_EXERCISE REQUIREMENTS_.
Any pictures in the records below must be left out when you repeat the lines from the line containing "Japan 2026 (2026-01-28)" through the line containing "Items similar to" exactly.
#### MATERIAL FOR THIS EXERCISE ####
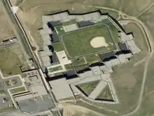 The prison is architecturally designed into the side of a hill to accommodate 481 inmates on a 160-acre (0.65 km2) site, which is connected by two corridors on separate levels. One of the corridors is used only for the staff, while the other corridor is used primarily for offenders and staff traffic, while the other 60 acres (0.24 km2) of this site are securely fenced in, with a large courtyard and baseball field in the center. Inmate cells measure 7 by 10 feet (2.1 by 3.0 m). Each cell contains a bed, table, toilet, and sink. The bed is a cement slab topped by a thin mattress. The toilet and sink are made of steel so they can't be broken. Each cell also has one rectangular window that's tall and thin. It is too narrow to escape through if the inmate could break the reinforced glass, and tests have proven it would take approximately twelve thousand hacksaw blades to cut through the steel bars of the prison. Not only does the prison provide a courtyard with a baseball field, but also includes an administration building, a religious resource room, gymnasium, security control center, staffed training fitness area, warehouses, a loading dock, and indoor firing range.
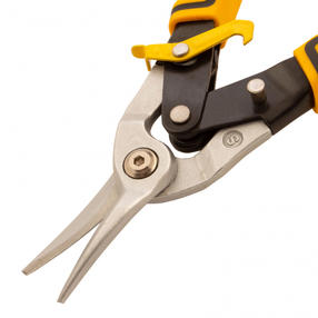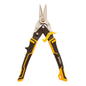 Ножницы по металлу Denzel 78370 общей длиной 270 мм, из стали-CrMo, с трехкомпонентными рукоятками, предназначены для прямого реза листовых металлических заготовок и металлопрофиля толщиной до 1,2 мм. Инструмент с усиленной конструкцией осевого шарнира рассчитан на профессиональное использование. Ножницы используются для проведения строительных, кровельных и слесарных работ. Преимущества Высокое качество исполнения — ножницы изготовлены из прочной хромомолибденовой стали методом горячей штамповки, остро заточенные кованые лезвия с насечками не соскальзывают с заготовок. Эффективность — режущие кромки закалены до твердости 60-62 HRC и легко справляются даже с прочной «нержавейкой». Безопасность — блокировочный замок предотвращает случайное раскрытие лезвий во время транспортировки и хранения. Комфортная работа — плоский соединительный винт не цепляется за заготовки, удлиненные трехкомпонентные рукоятки не выскальзывают из руки. Удобное хранение — на рукоятке имеется проушина для подвешивания на крючок или гвоздь. 2 226,00 ₽ / шт
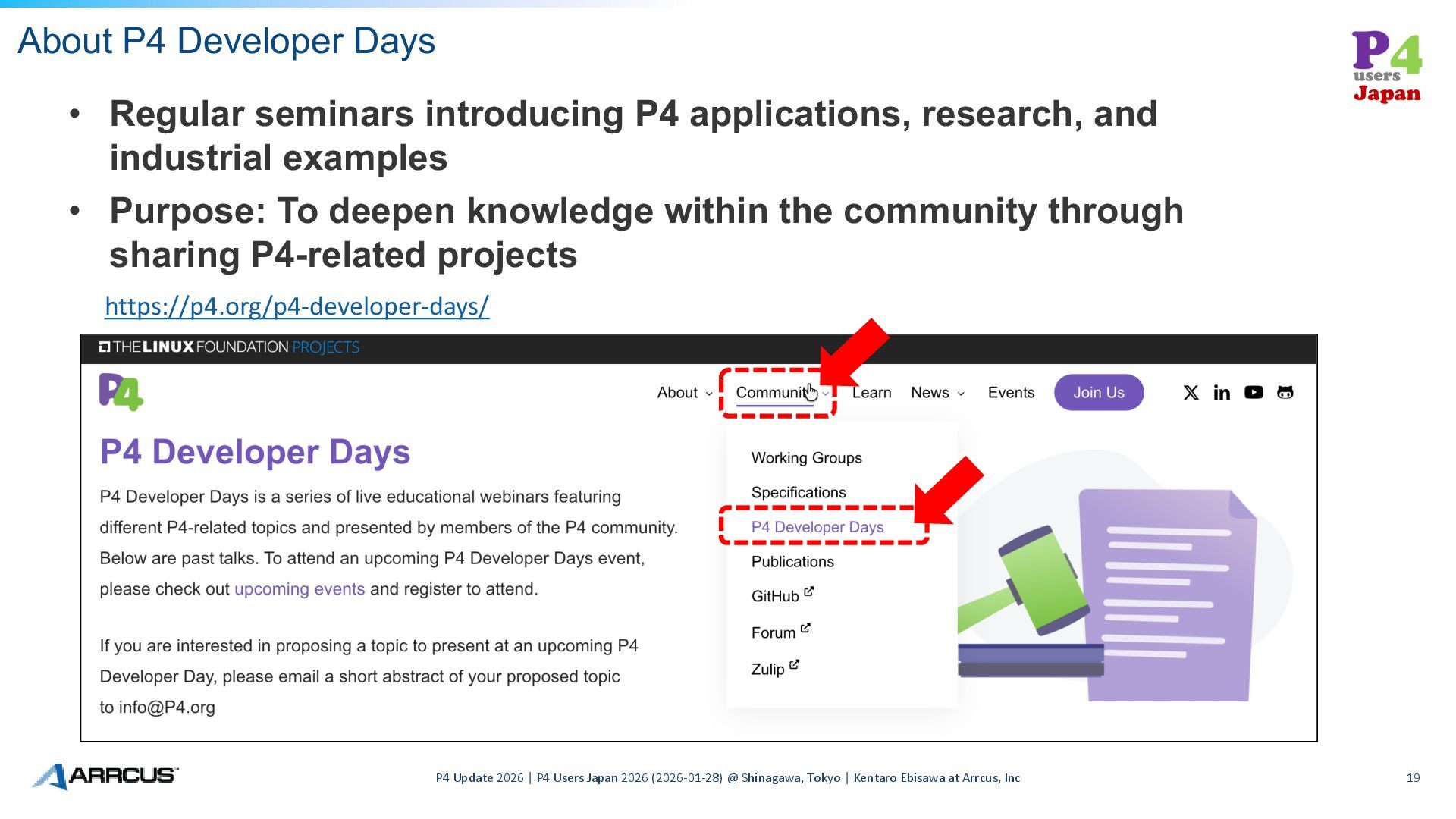 Japan 2026 (2026-01-28) @ Shinagawa, Tokyo | Kentaro Ebisawa at Arrcus, Inc 19 • Regular seminars introducing P4 applications, research, and industrial examples • Purpose: To deepen knowledge within the community through sharing P4-related projects https://p4.org/p4-developer-days/
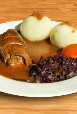 Gedeckter Tisch im Waldhotel Rennsteighof mit Rotwein, Gänsekeule und Thüringer Klößen
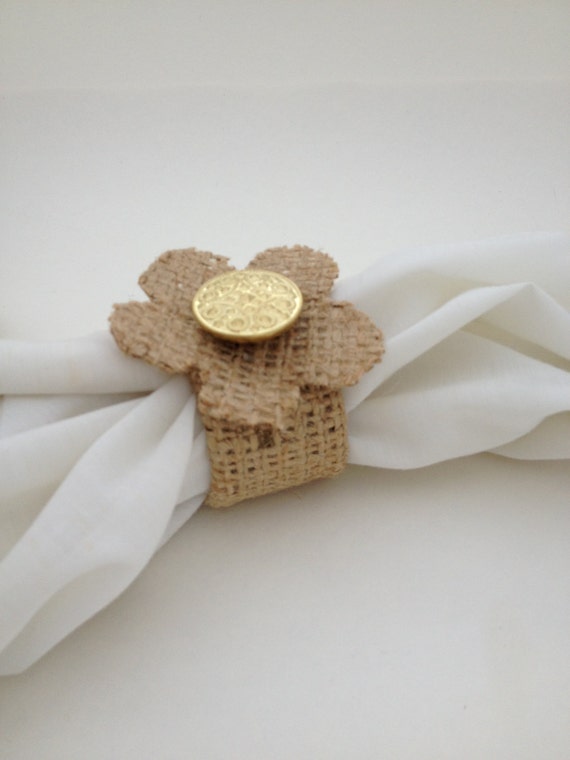 Items similar to Burlap Flower Wedding Napkin Rings with Vintage Style Button, Set of 8 Burlap
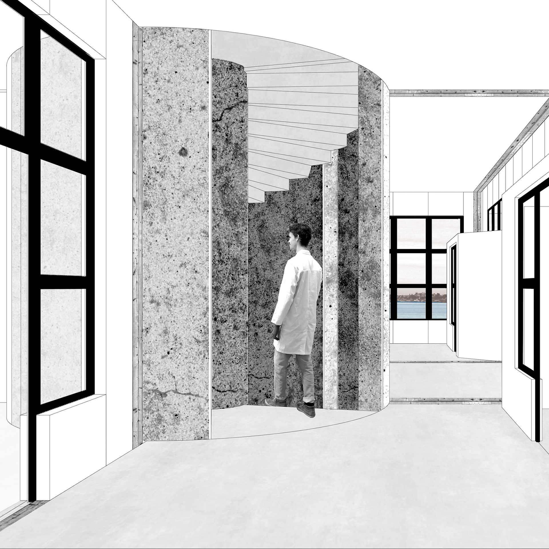 To accommodate the rising sea, the proposed Center features two main aspects: an adaptive modular building system and a land formation strategy that accumulates slowly over time. The site is returned to a generative state through the reestablishment a gantry crane that was once present during its time as a coal depot in the early 1900’s. The gantry crane acts as the site’s organizer and enabler, allowing for periodic reconfiguration and raising of the modular building components. As an institution engaged in research for promoting and preserving resilient ecosystems, we believe the Romberg Center can act as a model for sea level rise strategies and sufficient, carbon neutral facilities and operations. As much of the world’s urban waterfronts are industrialized, the new Romberg Center sets a precedent on how to re-purpose an industrial infrastructure to generate healthy ecosystems in lieu of pollution.
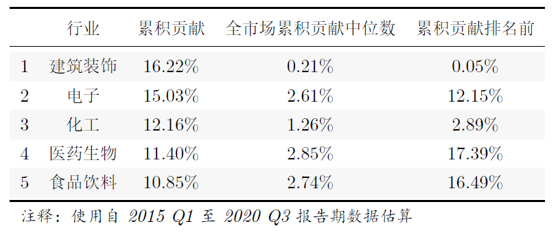 在这样的配置规则与相应的优势行业下,综合起来,为孙文龙的职业生涯带来累积回报(非绝对金额)最高的五个行业如下图所示,收益来源均衡,且均自于他高胜率高的行业。不难看出,他坚守了自己的能力圈,在他深耕最久的建筑装饰和电子上赚到了最多的钱。同时他较为完善的组合构建体系,比如对于景气度的重视、以及基于ROIC的筛选,也让他并没有错过医药生物或食品饮料这样近年来景气的行业。
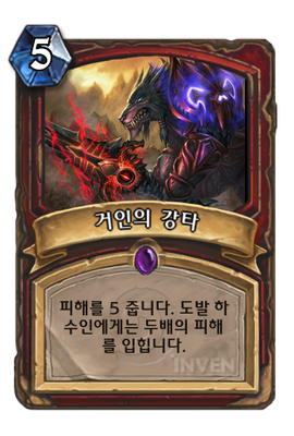 | 효과 | 피해를 5 줍니다. 도발 하수인에게는 두배의 피해를 입힙니다. | ||
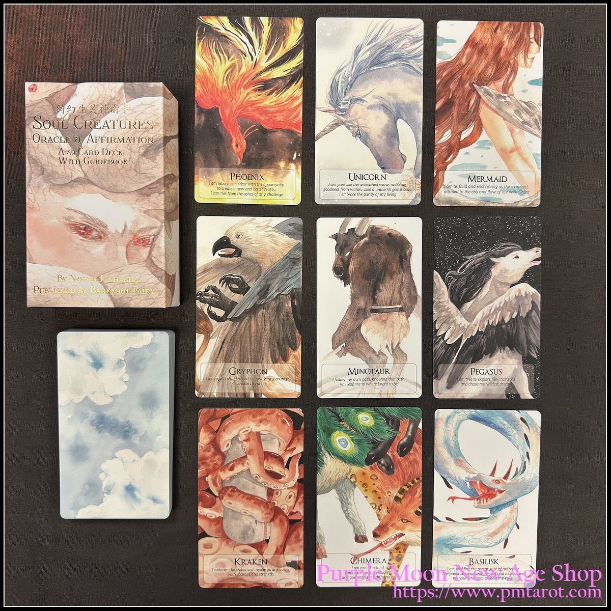 Step into a world of enchantment with the Soul Creatures Oracle, an intuitive and magical 48-card deck designed to connect with the deepest parts of your heart and soul. Each card, lovingly illustrated in a watercolor style, showcases a mythical creature imbued with qualities such as courage, purity, and transformation. This visually stunning and spiritually profound deck weaves a tapestry of empowerment, reflection, and mystical guidance, inviting you to embark on a journey of personal growth and self-discovery.
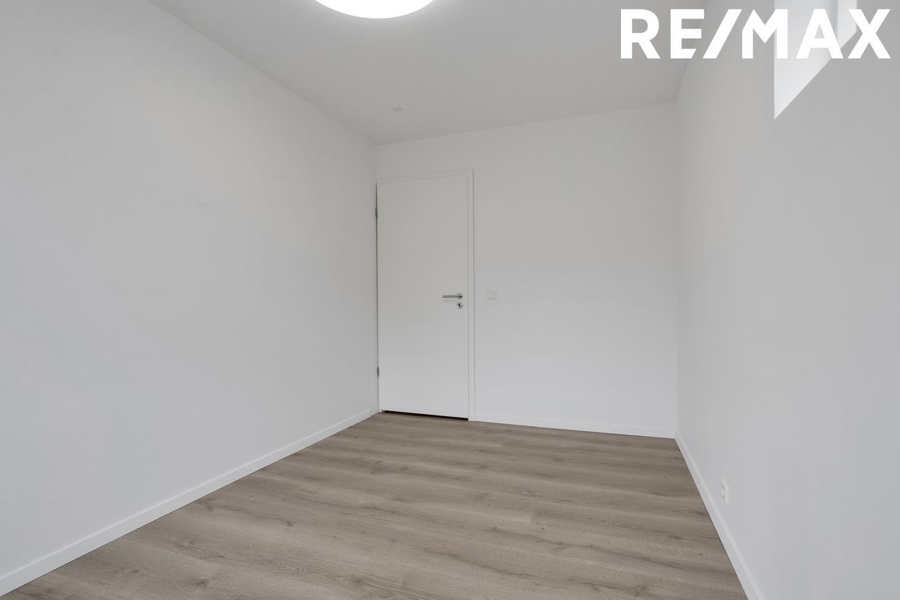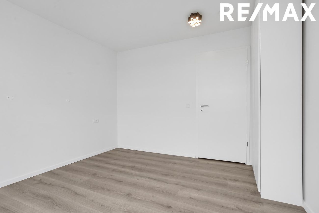 Svefnherbergi: Parketlagt með rúmgóðum skápum.
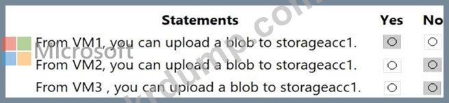 다음 전시에 표시된 대로 구성된 storageacc1이라는 Azure Storage 계정이 있습니다.
####
_RESULT OF THE EXERCISE_.
 Japan 2026 (2026-01-28) @ Shinagawa, Tokyo | Kentaro Ebisawa at Arrcus, Inc 19 • Regular seminars introducing P4 applications, research, and industrial examples • Purpose: To deepen knowledge within the community through sharing P4-related projects https://p4.org/p4-developer-days/
 Gedeckter Tisch im Waldhotel Rennsteighof mit Rotwein, Gänsekeule und Thüringer Klößen
 Items similar to Burlap Flower Wedding Napkin Rings with Vintage Style Button, Set of 8 Burlap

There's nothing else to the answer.